• **MATERIAL FOR THIS EXERCISE**:
--- START ---

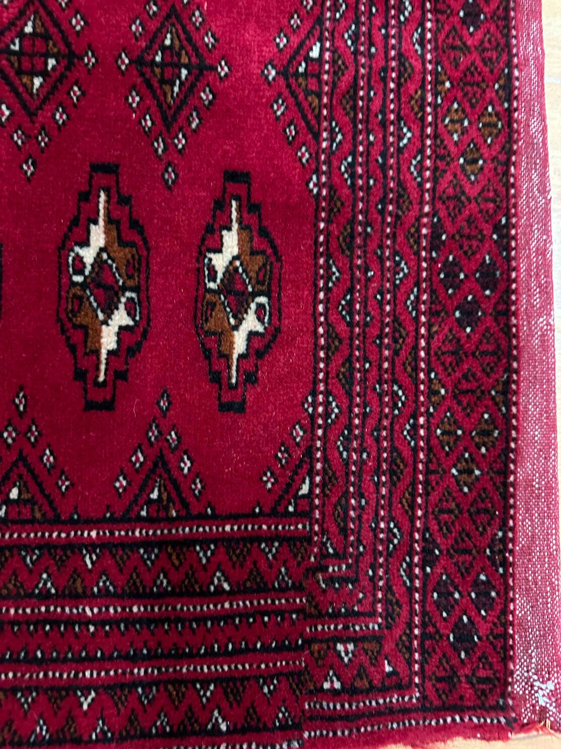 • Rich Heritage: Crafted with pure hand-spun wool on a durable cotton base, this Poshti features deep red hues and intricate Bokhara patterns, dyed using traditional techniques, preserving its authenticity and charm.
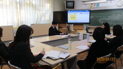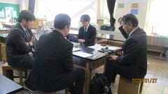教員の授業力向上を目的として、教育委員会指導課の先生方5名が来校されました。先生方には3~5校時に全学級の授業参観を行っていただきました。その後の全体会および分科会では、先生方から教員一人一人に授業へのアドバイスをいただきました。今日の学びを、明日からの授業に活かしていきます。(校長)
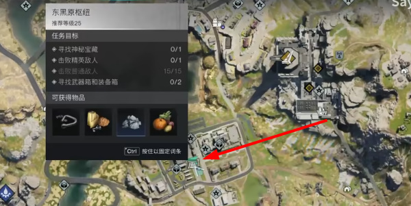 2、达到下图所示的异常宝箱点位置,就可以看到手套了。
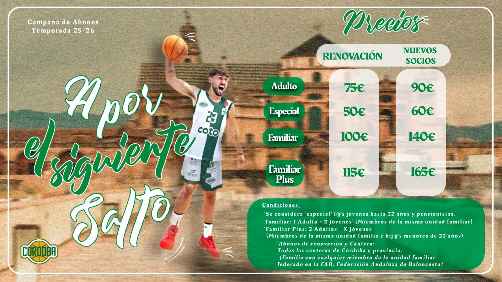 El abono, que podrá adquirirse a partir de mañana a mediodía en la dirección web https://cordobacb.es/abonos , fija como principal novedad un descuento para nuevos socios que posean ficha federativa en la Real Federación Andaluza de Baloncesto y personas con vínculo familiar acreditado.
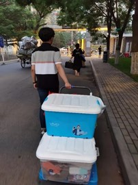 活动第二部分——帮助本校上研同学将行礼堆放到学院教室。对于本校读研的毕业生而言,他们将在北科的校园开启新的征程,学院特此准备单独的教室帮助他们存放行李,学生党员们热心帮助学长学姐,将行李运送到经管楼,体现了经管学子互帮互助、团结友爱的同学氛围。
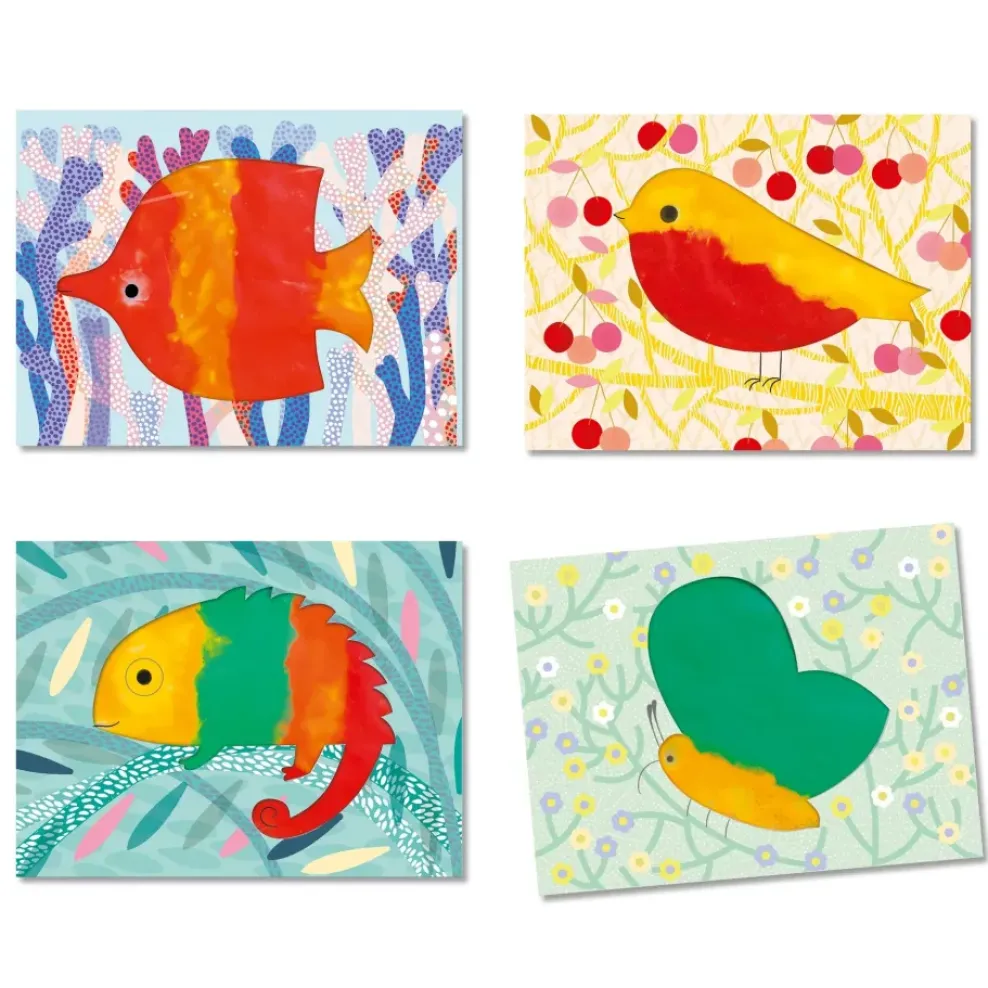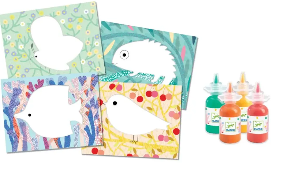 A no-mess painting starter kit specially designed for young children (18 months plus). Children open the plastic sleeves, pour in the paint, and seal them up again. Then comes the fun part! They smear the paint around, without getting their hands mucky, and color in a beautiful fish. It’s magic! With a little bit of soap and water, the paint rinses off the plastic sleeves and the fun starts all over again.
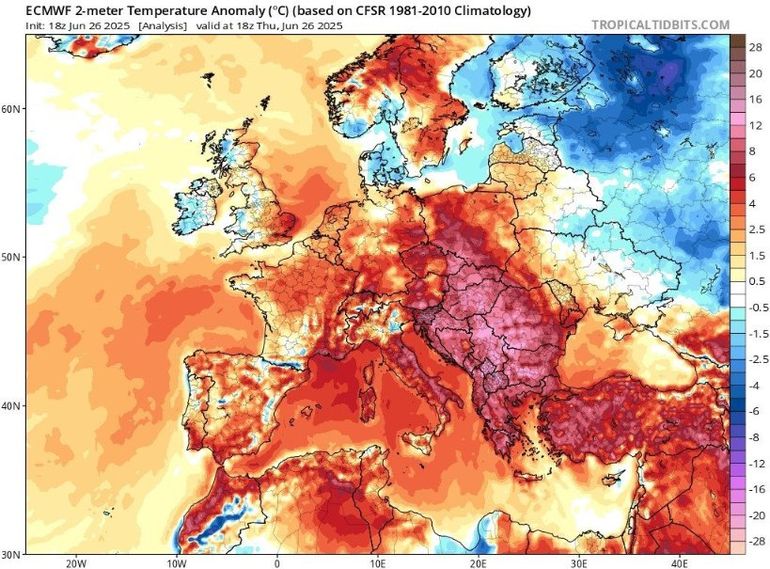 En el caso de España, varias zonas del interior como Andalucía, Galicia y Madrid se encuentran bajo alerta naranja. Pocas zonas cuenta con una alerta amarilla y esta situación se prolongará como mínimo hasta mañana martes, de acuerdo con la Agencia Estatal de Meteorología (AEMET). Este organismo advierte de que junio batirá un nuevo récord y se convertirá en el mes más caluroso desde que se tienen registros.

--- END ---

• **TASK GOAL**: Reproduce verbatim the opening line of the material and every line after it, up to and including the line with "活动第二部分——帮助本校上研", but no pictures.

• **TASK ANSWER**:
 • Rich Heritage: Crafted with pure hand-spun wool on a durable cotton base, this Poshti features deep red hues and intricate Bokhara patterns, dyed using traditional techniques, preserving its authenticity and charm.
教員の授業力向上を目的として、教育委員会指導課の先生方5名が来校されました。先生方には3~5校時に全学級の授業参観を行っていただきました。その後の全体会および分科会では、先生方から教員一人一人に授業へのアドバイスをいただきました。今日の学びを、明日からの授業に活かしていきます。(校長)
 2、达到下图所示的异常宝箱点位置,就可以看到手套了。
 El abono, que podrá adquirirse a partir de mañana a mediodía en la dirección web https://cordobacb.es/abonos , fija como principal novedad un descuento para nuevos socios que posean ficha federativa en la Real Federación Andaluza de Baloncesto y personas con vínculo familiar acreditado.
 活动第二部分——帮助本校上研同学将行礼堆放到学院教室。对于本校读研的毕业生而言,他们将在北科的校园开启新的征程,学院特此准备单独的教室帮助他们存放行李,学生党员们热心帮助学长学姐,将行李运送到经管楼,体现了经管学子互帮互助、团结友爱的同学氛围。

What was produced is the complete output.